▶ [What this task involves]: Write out exactly, excluding pictures, the lines from the one containing "fresher and better." through the end of the data, both included.

▶ [Recorded data]:
--------------------------------------------------
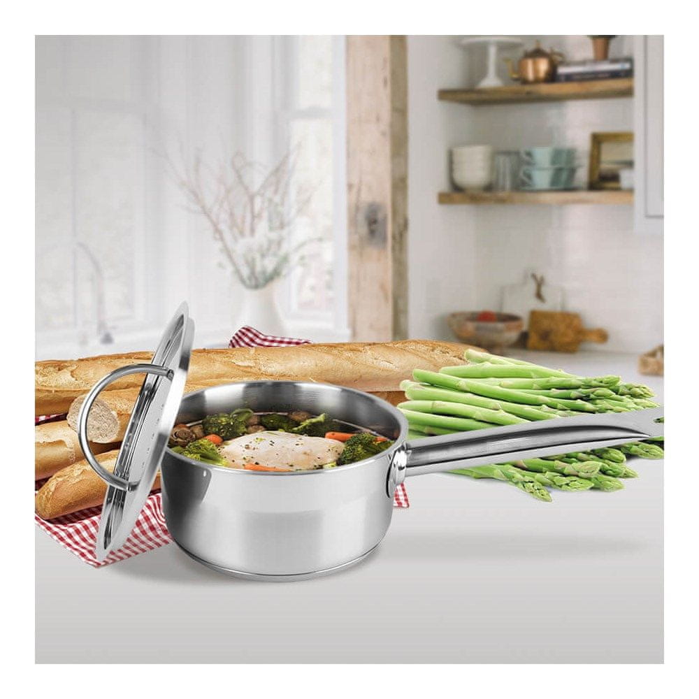 Konec s pokrovom 16 cm; 1,5 l (SKU: MR-3511–16S)Praktičen pripomoček znamke MAESTRO, ki olajša vsakodnevno pripravo obrokov in pijač. Uporaben bo doma, v pisarni ali na vrtu – povsod, kjer sta pomembna udobje in hitra postrežba. Celoten opis
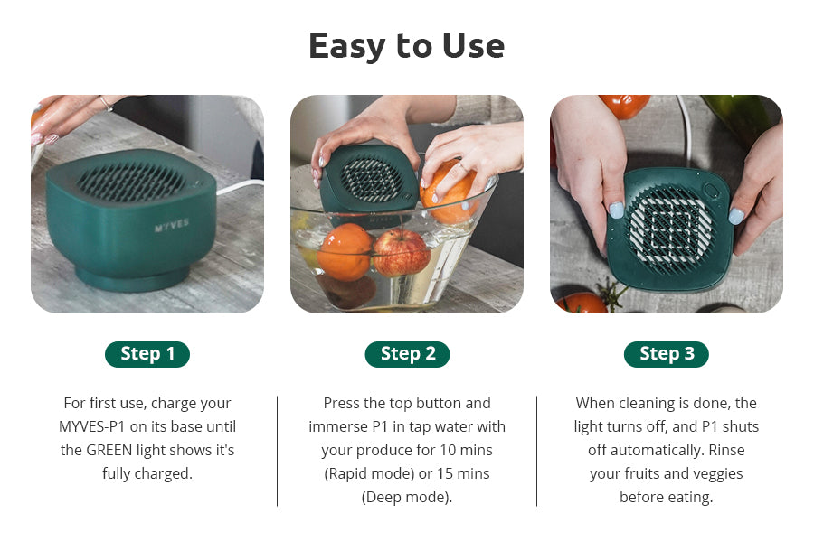 · Easy to Use: Simply submerge your produce in tap water, press the power button, and let P1 do the rest. It's hands-off and quick, making your food taste fresher and better.
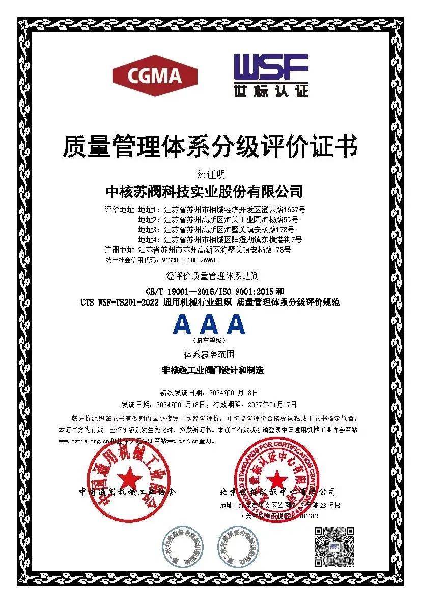 最终,审核组一致认为中核苏阀科技实业股份有限公司在质量管理方面的成熟程度达到AAA级卓越质量管理水平,质量管理体系运行非常成熟,管理成熟度在行业内处于卓越水平,质量绩效结果领先。
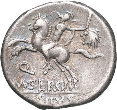 - ROMAN REPUBLIC M. Sergius Silus. Denier ND (116-115 av. J.-C.), Rome.
--------------------------------------------------
▶ [Result]:
 · Easy to Use: Simply submerge your produce in tap water, press the power button, and let P1 do the rest. It's hands-off and quick, making your food taste fresher and better.
 最终,审核组一致认为中核苏阀科技实业股份有限公司在质量管理方面的成熟程度达到AAA级卓越质量管理水平,质量管理体系运行非常成熟,管理成熟度在行业内处于卓越水平,质量绩效结果领先。
 - ROMAN REPUBLIC M. Sergius Silus. Denier ND (116-115 av. J.-C.), Rome.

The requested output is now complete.